If a true "minimum" wage is also the average wage, then it is also the de facto maximum wage.
If the average wage is the minimum wage, the highest wage is also the minimum wage - by definition. No wage can be lower than the minimum and thus if any one person had a higher wage then the minimum would be below the average. That means everyone would be earning a minimum wage, or everyone is equally poor.
It wouldn't surprise me if that indeed is utopia for some people.
There seems to be some confusion about the claim that if the minimum wage is the average wage that it is also the highest wage. Consider an economy with three workers, making 3, 4, and 5 units of currency respectively. The minimum wage (effectively) is 3 and the average is 4. If the minimum wage is set to be 4, then either the 3 will increase to 4 or stop working. If the wage increases, wages are 4, 4, and 5. The average is 4.33. If the job is lost, the wages are 4 and 5. The average is 4.5.

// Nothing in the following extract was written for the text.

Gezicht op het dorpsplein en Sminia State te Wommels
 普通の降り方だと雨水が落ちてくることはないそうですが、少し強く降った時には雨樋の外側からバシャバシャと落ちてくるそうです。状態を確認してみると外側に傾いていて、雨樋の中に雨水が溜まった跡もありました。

Now, if the minimum wage is set to 4, everything is fine and stable. But if the minimum wage was set to the average wage, the minimum wage increases to either 4.33 or 4.5. Same decision. The jobs not paying the increased wage can either increase or stop. So wages might be 4.33, 4.33, and 5 for an average of 4.56. Or wages could be 5 for a trivial average of 5. Or somewhere in between. After repeated steps of this, wages go to 5 for everyone still working.

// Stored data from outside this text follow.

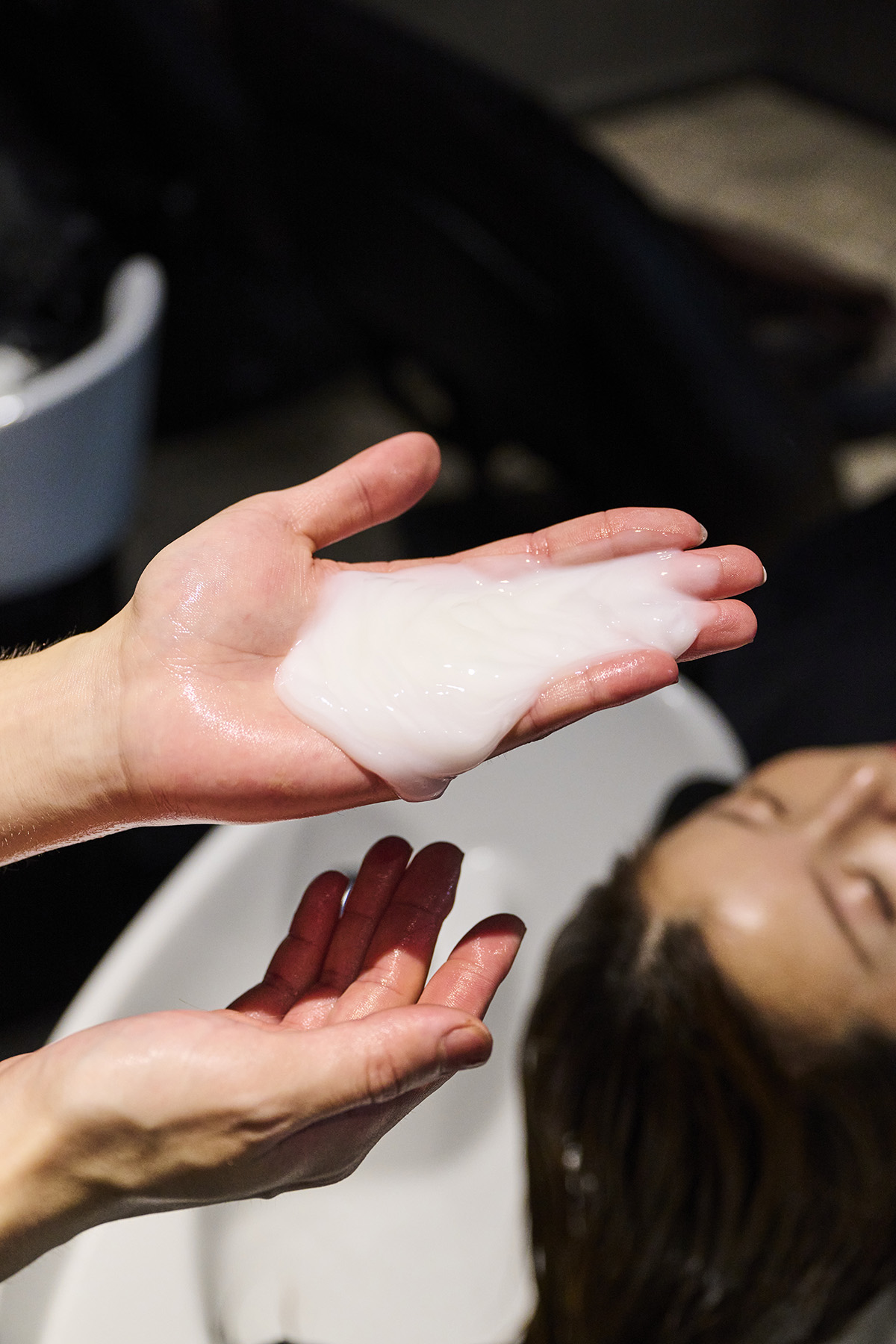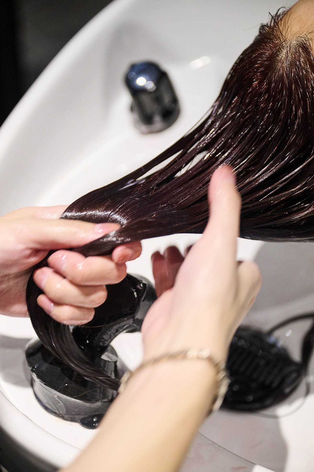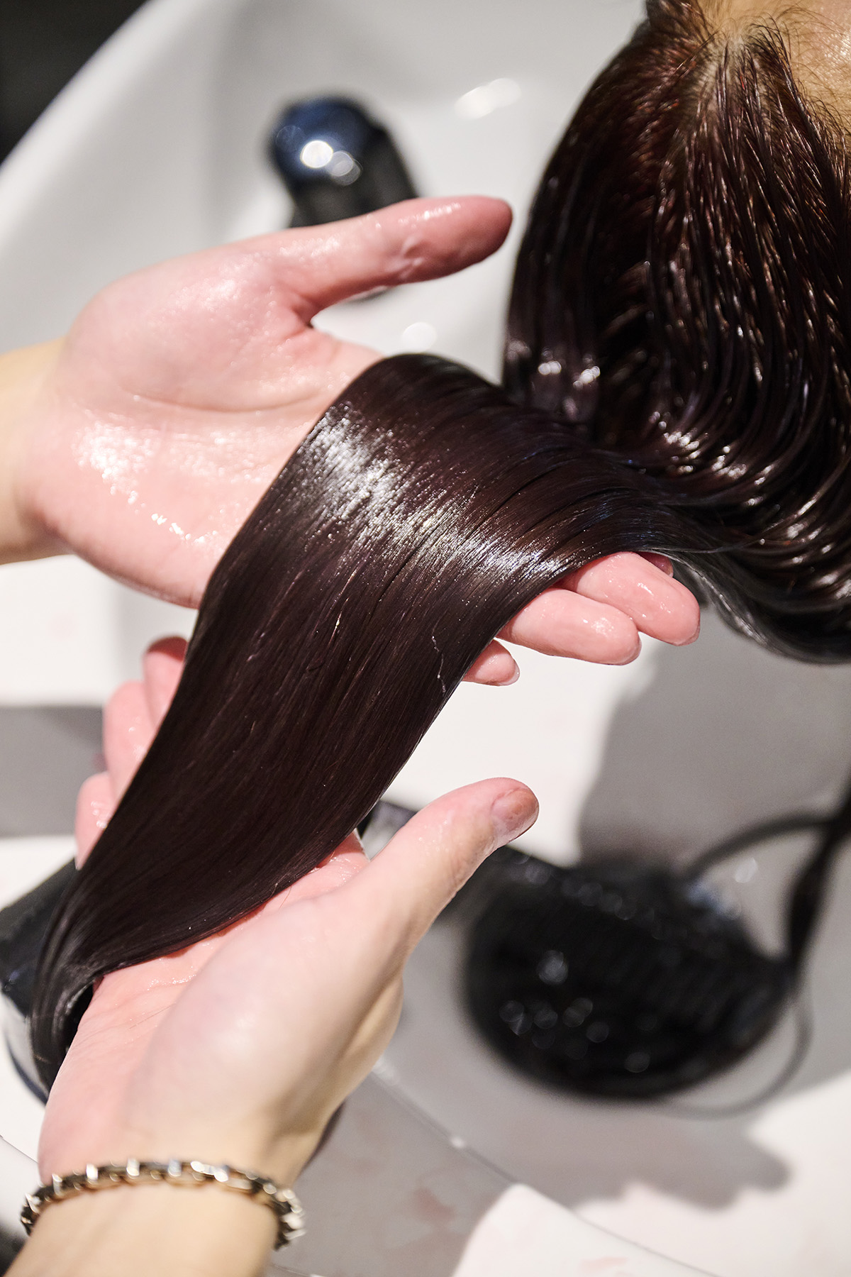 カウンセリングでは、「クセの種類」「ダメージの度合い」の観点で髪の状態を確認して、適切な施術を見極めます。上質な深みカラーで見た目を仕上げるだけでは、ツヤは生まれません。ベルベットなツヤを生むためには、髪自体にハリとコシを出す必要があります。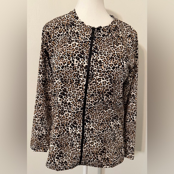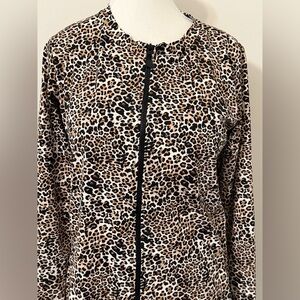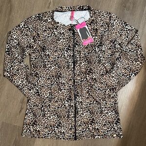 Chic rash guard long sleeve with full front zipper. Eye-catching leopard print design by Betsey Johnson.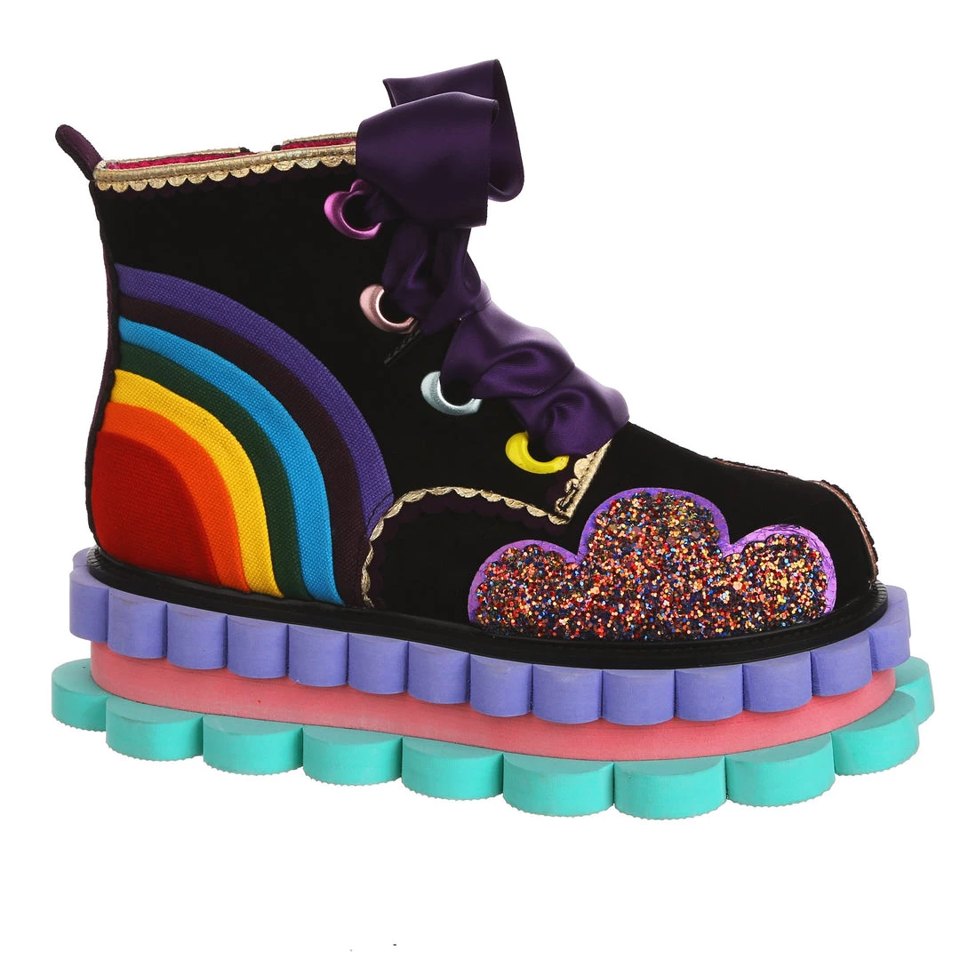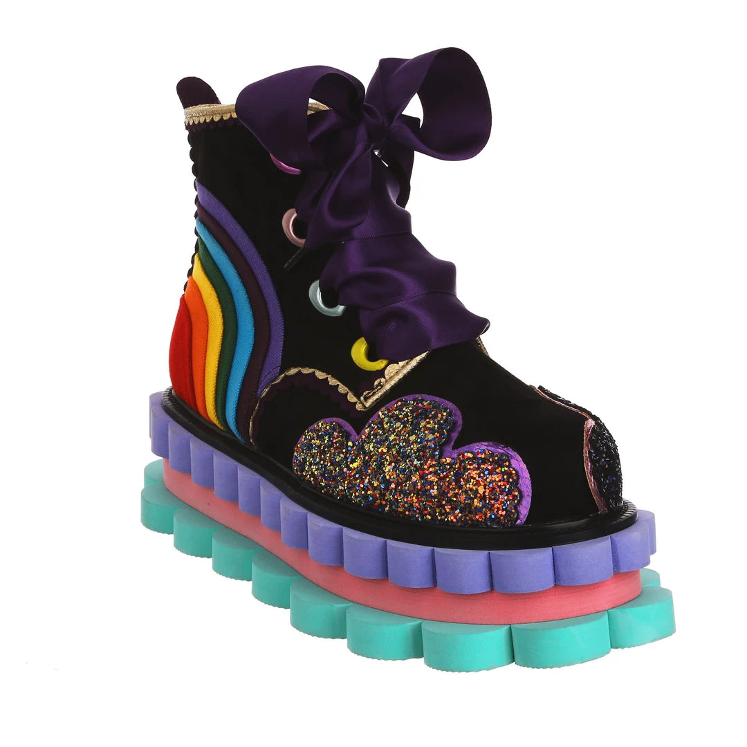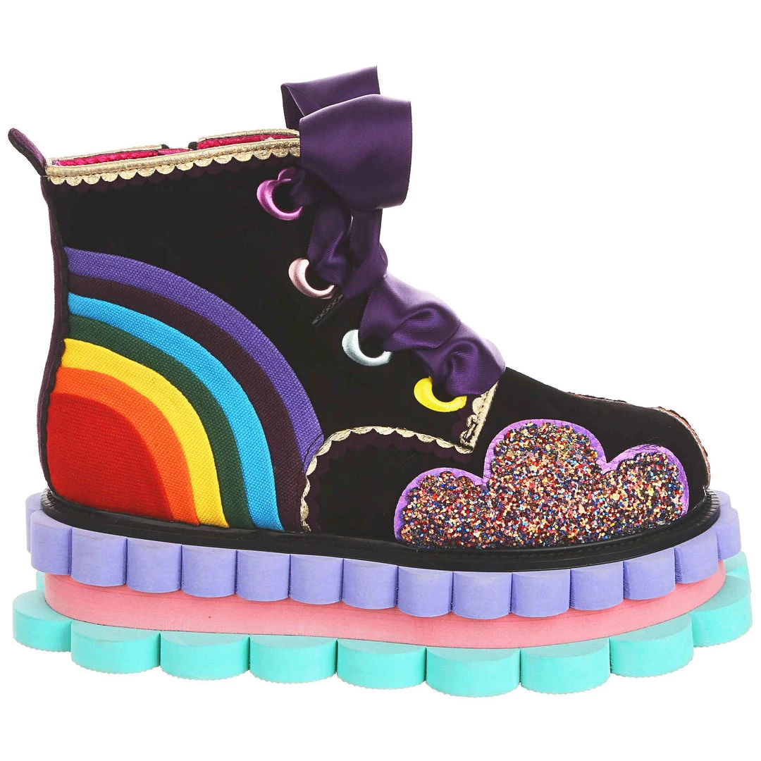 Love the rainbow magic of our classic Shirley Bass but want something flat? We got you covered! These incredible striking black flatform boots feature the rainbow motif on the heel, combined with a glittery cloud on the toe, stunning scalloped edges, heart shaped eyelets and sumptuous purple ribbon laces – these wonders are not to be missed!

This is just a mathematical tautology. If the minimum and average are equal, then the maximum has the same value.
When will an underground labor market develop? At what level will popular support diminish or disappear, if ever?
When a substantial portion of the laborers are priced out of the market by the minimum wage. You see some complaints now about high schoolers being priced out, college interns being priced out, retirees being priced out ... etc. It would not surprise me if illegal immigration is in fact driven in part by the labor shortage caused by lowly skilled natives being priced out by the minimum wage laws. If it is indeed a material factor, you can see the wave of anti-government, anti-illegal-immigration sentiment as confirmation of that underground labor market.

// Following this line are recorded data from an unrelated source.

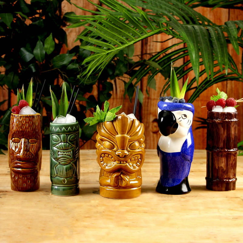 Produttore OEM dipinto a mano animale Tiki tazza di ceramica pappagallo Neko pesce pesce squalo Tiki tazze e tazze di ceramica per Bar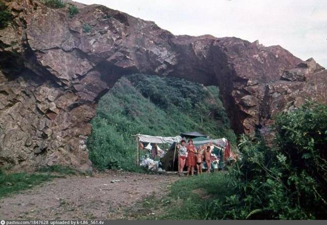 Утро разбудило отдыхающих и отдыхающие сильно удивились, увидев нас в устье ручья. Увиделись и потянулись знакомиться. Мы же снова уселись в свою машину и, вернувшись на дорогу, проехали вперёд дальше на пляж к арке, что давала проход-проезд к дальнему пляжу. Ехать нужно было по песку и сквозь арку не ездили даже на мотоцикле, не то что на машинах. Зато ходили ногами. Я не был сам лично на «Трёх поросятах», а потому на арку хотел посмотреть и включив блокировку колёс, погрёб по песочку по самой кромке прибоя, где палатки не стояли по причине штормовой опасности.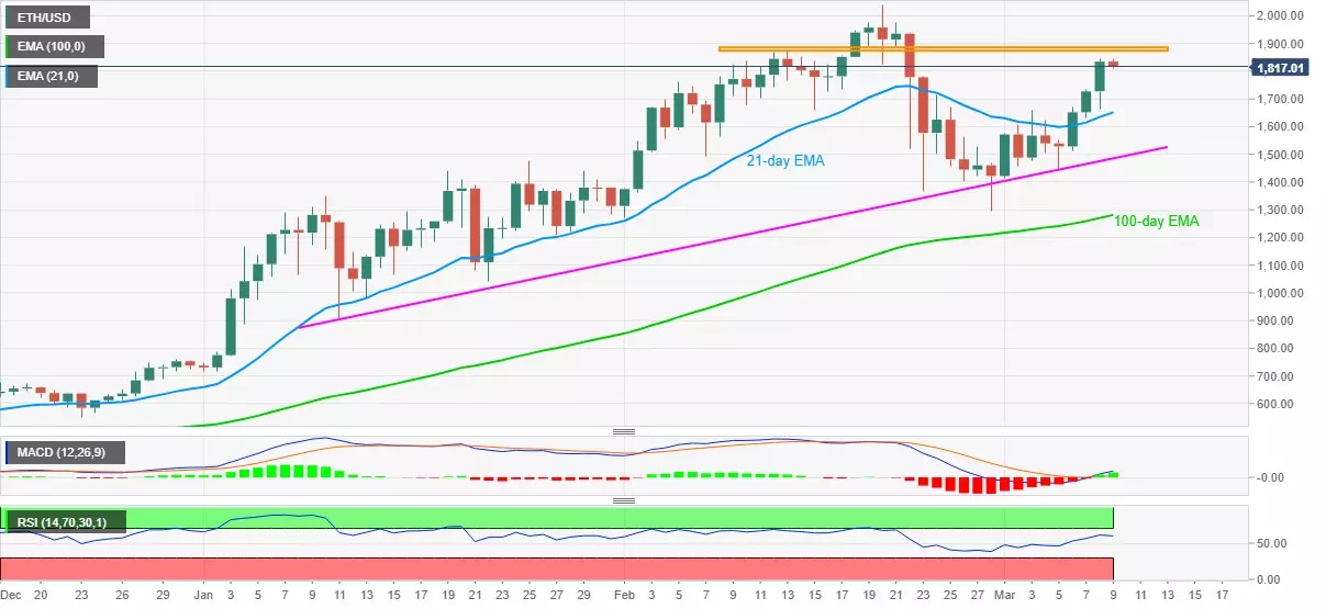Ethereum consolidates recent gains around $1,820, declining for the first time in five days, during early Tuesday. In doing so, the altcoin takes a U-turn from the highest level since February 22, also declining before the key $1,890-75 resistance area.

You mentioned also inflation. that's an interesting topic and rarely explored in the academia. Minimum wages have traditionally not been a meaningful driver of inflation, due in large part to their being a small component. If a larger and larger portion of the labor supply comes from minimum wage earners, and minimum wages are tied to inflation, you can see a multiplier effect there where run-away inflation is quite possible -> higher minimum wage -> higher inflation -> higher minimum wage .....
The potential breakage there is the employers decision, collectively, to automate, thus diminishing the demand for minimum wage earners.
As someone argued in those minimum wage debates, the persons who got hurt the most by minimum wage laws are precisely the group that the minimum wage laws intend to help.